_Problem to work on_: Set every record down verbatim and omit the pictures.

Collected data
[Start of section]

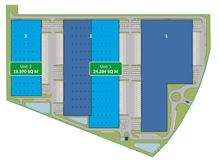 The centre offers warehouse modules starting from 5,000 m², allowing tenants to tailor the space to their individual requirements. A storage height of 10 metres and a well-designed system of loading docks ensure maximum operational efficiency. The facility has been designed to meet the needs of a wide range of businesses seeking functional and flexible warehouse space, with the option of using modern office areas.
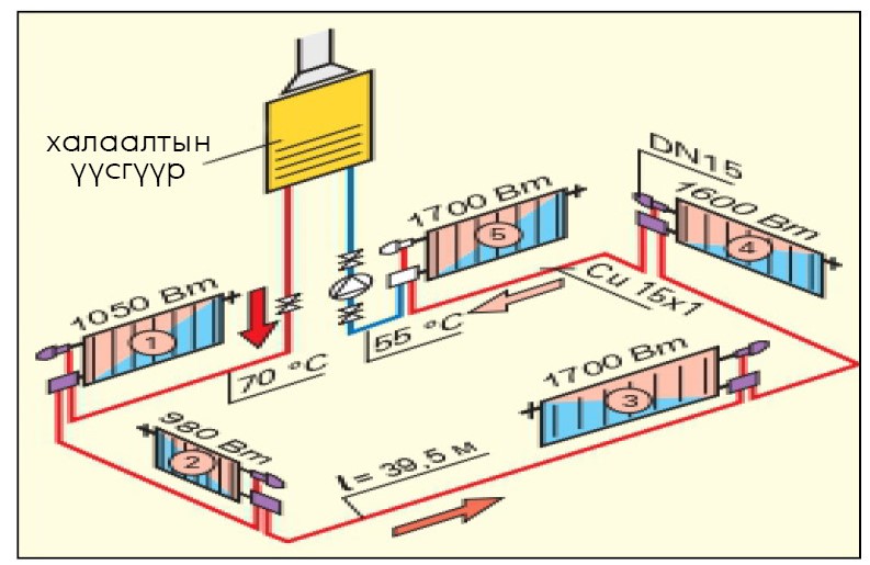 Зураг 3. Давхрын халаалт, нэг хоолойт систем
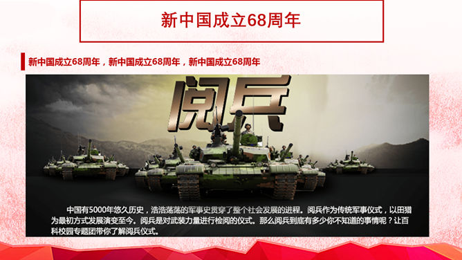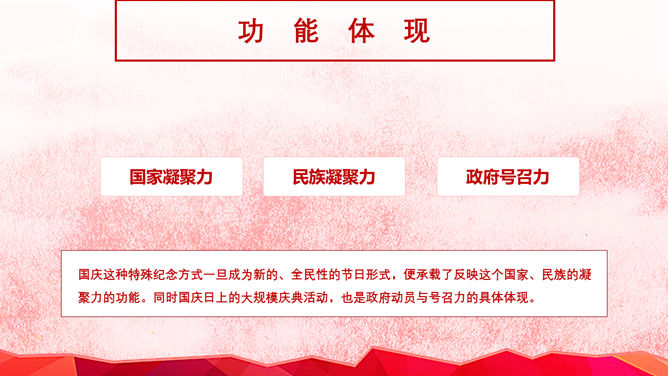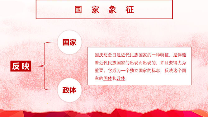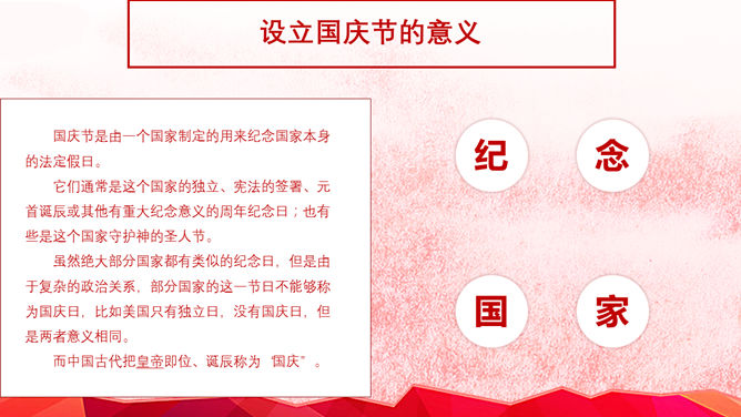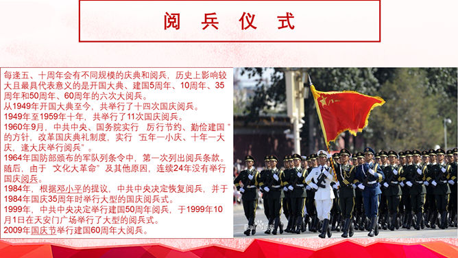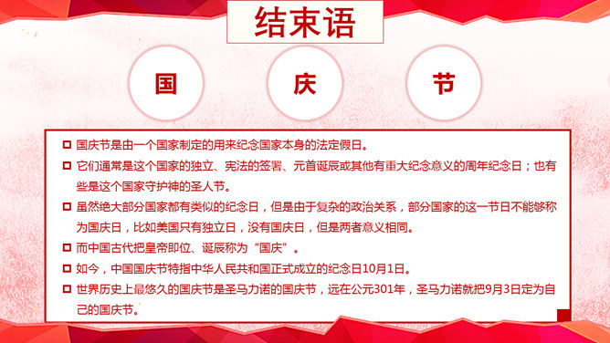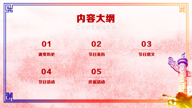 这是一份大气的幻灯片模板,以华表、天安门为背景元素,红色的主色调,烘托出喜庆的节日气氛,合适庆祝国庆节活动使用,共22页,包含多种页面。
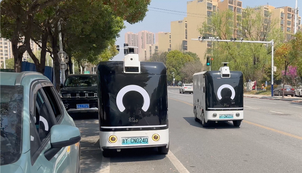 这个物流共配中心,从2024年4月份开始试用菜鸟无人车,2025年初开始陆续加到了35台。
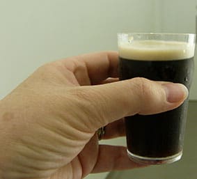 - When the beer has settled and turned black, take the glass and top it off by pushing the tap away from you this time so you don’t get any more gas. Never put the tap into the foam, and do not let the precious nectar overflow, but fill it so the head rises just above the rim.
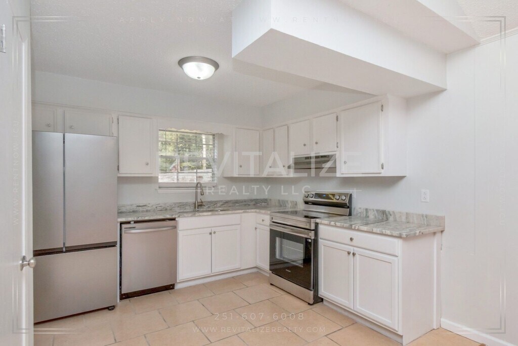 Welcome to this newly renovated 3-bedroom, 2-bathroom home located in Theodore, AL. This property boasts a range of modern amenities that ensure a comfortable and convenient lifestyle. The kitchen is equipped with a stainless steel refrigerator, dishwasher, and electric range, and finished with granite countertops. The home also features a dedicated laundry room with washer and dryer hook-ups. The interior is beautifully finished with tile and luxury vinyl plank flooring, adding a touch of elegance to the space. The home also comes with window treatments and ceiling fans for added comfort. Outside, you'll find a paved driveway leading to off-street parking, a private patio perfect for outdoor entertaining, and a porch for relaxing evenings. The property also includes a storage shed for extra space (the grey one is available for Tenant's use, the tan one is off-limits as it is for storing maintenance items), and a privacy fence for your peace of mind. This home truly offers a blend of functionality and style, making it a perfect place to call home. Situated in the cozy Deer River neighborhood: - 3 miles from Hollingers Island Elementary School - 5 miles from Katherine H Hankins Middle School - 5 miles from Theodore High School - 16 miles from University of South Alabama - 7 miles from Hollinger's Island Community Center - 9 miles from Walmart Super Center, Lowe's Home Improvement, and Cloverleaf Plaza Shopping Center - 10 miles from Bellingrath Gardens & Home - 13 miles from Costco Wholesale, Topgolf Mobile, and Dave & Buster's Mobile - 15 miles from Mobile International Airport You may apply online at: **Affordable Housing Vouchers are NOT accepted** For more information or to schedule a viewing, please call . Rent $1,650 Security Deposit $1,650 Application Fee: $75 (per applicant, non-refundable) Administration Fee: $100 (due upon lease signing) Pets: $300 non-refundable pet fee (per pet with Owner approval, up to 2 pets) Tenant is responsible for power, water, trash, and yard care. Disclaimer: Any lease commencing between the present date and February 28, 2026, will include a minimum term ending on or after February 28, 2027. Please inquire for additional details. All Revitalize Realty residents are enrolled in the Resident Benefits Package (RBP) for $35/month which includes liability insurance, credit building to help boost the resident’s credit score with timely rent payments, HVAC air filter delivery (for applicable properties), move-in concierge service making utility connection and home service setup a breeze during your move-in, our best-in-class resident rewards program, and much more! More details upon application. Residents will have access to the Online Portal by AppFolio, an easy, fast, and secure way to pay charges online, view payment history, and submit maintenance requests. Access your Online Portal from any mobile device by downloading the mobile app from the App Store or Google Play. All adult residents (18+) must be on the lease and are required to submit an application. Minimum requirements are 620+ credit score, verifiable income of 3x the rent or more, and must pass a background check. No exceptions. **Approval is at the discretion of the Landlord or Property Manager.** Managed by Revitalize Realty, LLC
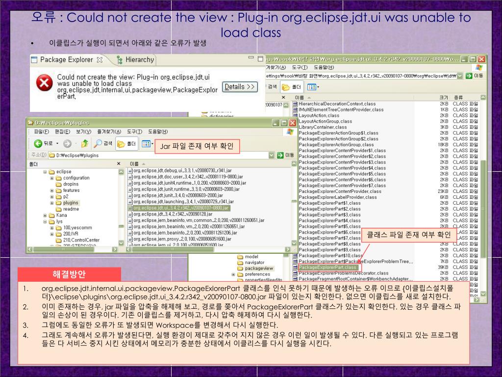 해결방안 • org.eclipse.jdt.internal.ui.packageview.PackageExlorerPart 클래스를 인식 못하기 때문에 발생하는 오류 이므로 {이클립스설치폴더}\eclipse\plugins\org.eclipse.jdt.ui_3.4.2.r342_v20090107-0800.jar 파일이 있는지 확인한다. 없으면 이클립스를 새로 설치한다. • 이미 존재하는 경우, jar 파일을 압축을 해제해 보고, 경로를 쫒아서 PackageExlorerPart 클래스가 있는지 확인한다. 있는 경우 클래스 파일의 손상이 된 경우이다. 기존 이클립스를 제거하고, 다시 압축 해제하여 다시 실행한다. • 그럼에도 동일한 오류가 또 발생되면 Workspace를 변경해서 다시 실행한다. • 그래도 계속해서 오류가 발생된다면, 실행 환경이 제대로 갖추어 지지 않은 경우 이런 일이 발생될 수 있다. 다른 실행되고 있는 프로그램들은 다 서비스 중지 시킨 상태에서 메모리가 충분한 상태에서 이클리스를 다시 실행을 시킨다. 오류 : Could not create the view : Plug-in org.eclipse.jdt.ui was unable to load class • 이클립스가 실행이 되면서 아래와 같은 오류가 발생 Jar 파일 존재 여부 확인 클래스 파일 존재 여부 확인

[End of section]

_Exercise response_:
 The centre offers warehouse modules starting from 5,000 m², allowing tenants to tailor the space to their individual requirements. A storage height of 10 metres and a well-designed system of loading docks ensure maximum operational efficiency. The facility has been designed to meet the needs of a wide range of businesses seeking functional and flexible warehouse space, with the option of using modern office areas.
 Зураг 3. Давхрын халаалт, нэг хоолойт систем
 这是一份大气的幻灯片模板,以华表、天安门为背景元素,红色的主色调,烘托出喜庆的节日气氛,合适庆祝国庆节活动使用,共22页,包含多种页面。
 这个物流共配中心,从2024年4月份开始试用菜鸟无人车,2025年初开始陆续加到了35台。
 - When the beer has settled and turned black, take the glass and top it off by pushing the tap away from you this time so you don’t get any more gas. Never put the tap into the foam, and do not let the precious nectar overflow, but fill it so the head rises just above the rim.
 Welcome to this newly renovated 3-bedroom, 2-bathroom home located in Theodore, AL. This property boasts a range of modern amenities that ensure a comfortable and convenient lifestyle. The kitchen is equipped with a stainless steel refrigerator, dishwasher, and electric range, and finished with granite countertops. The home also features a dedicated laundry room with washer and dryer hook-ups. The interior is beautifully finished with tile and luxury vinyl plank flooring, adding a touch of elegance to the space. The home also comes with window treatments and ceiling fans for added comfort. Outside, you'll find a paved driveway leading to off-street parking, a private patio perfect for outdoor entertaining, and a porch for relaxing evenings. The property also includes a storage shed for extra space (the grey one is available for Tenant's use, the tan one is off-limits as it is for storing maintenance items), and a privacy fence for your peace of mind. This home truly offers a blend of functionality and style, making it a perfect place to call home. Situated in the cozy Deer River neighborhood: - 3 miles from Hollingers Island Elementary School - 5 miles from Katherine H Hankins Middle School - 5 miles from Theodore High School - 16 miles from University of South Alabama - 7 miles from Hollinger's Island Community Center - 9 miles from Walmart Super Center, Lowe's Home Improvement, and Cloverleaf Plaza Shopping Center - 10 miles from Bellingrath Gardens & Home - 13 miles from Costco Wholesale, Topgolf Mobile, and Dave & Buster's Mobile - 15 miles from Mobile International Airport You may apply online at: **Affordable Housing Vouchers are NOT accepted** For more information or to schedule a viewing, please call . Rent $1,650 Security Deposit $1,650 Application Fee: $75 (per applicant, non-refundable) Administration Fee: $100 (due upon lease signing) Pets: $300 non-refundable pet fee (per pet with Owner approval, up to 2 pets) Tenant is responsible for power, water, trash, and yard care. Disclaimer: Any lease commencing between the present date and February 28, 2026, will include a minimum term ending on or after February 28, 2027. Please inquire for additional details. All Revitalize Realty residents are enrolled in the Resident Benefits Package (RBP) for $35/month which includes liability insurance, credit building to help boost the resident’s credit score with timely rent payments, HVAC air filter delivery (for applicable properties), move-in concierge service making utility connection and home service setup a breeze during your move-in, our best-in-class resident rewards program, and much more! More details upon application. Residents will have access to the Online Portal by AppFolio, an easy, fast, and secure way to pay charges online, view payment history, and submit maintenance requests. Access your Online Portal from any mobile device by downloading the mobile app from the App Store or Google Play. All adult residents (18+) must be on the lease and are required to submit an application. Minimum requirements are 620+ credit score, verifiable income of 3x the rent or more, and must pass a background check. No exceptions. **Approval is at the discretion of the Landlord or Property Manager.** Managed by Revitalize Realty, LLC
 해결방안 • org.eclipse.jdt.internal.ui.packageview.PackageExlorerPart 클래스를 인식 못하기 때문에 발생하는 오류 이므로 {이클립스설치폴더}\eclipse\plugins\org.eclipse.jdt.ui_3.4.2.r342_v20090107-0800.jar 파일이 있는지 확인한다. 없으면 이클립스를 새로 설치한다. • 이미 존재하는 경우, jar 파일을 압축을 해제해 보고, 경로를 쫒아서 PackageExlorerPart 클래스가 있는지 확인한다. 있는 경우 클래스 파일의 손상이 된 경우이다. 기존 이클립스를 제거하고, 다시 압축 해제하여 다시 실행한다. • 그럼에도 동일한 오류가 또 발생되면 Workspace를 변경해서 다시 실행한다. • 그래도 계속해서 오류가 발생된다면, 실행 환경이 제대로 갖추어 지지 않은 경우 이런 일이 발생될 수 있다. 다른 실행되고 있는 프로그램들은 다 서비스 중지 시킨 상태에서 메모리가 충분한 상태에서 이클리스를 다시 실행을 시킨다. 오류 : Could not create the view : Plug-in org.eclipse.jdt.ui was unable to load class • 이클립스가 실행이 되면서 아래와 같은 오류가 발생 Jar 파일 존재 여부 확인 클래스 파일 존재 여부 확인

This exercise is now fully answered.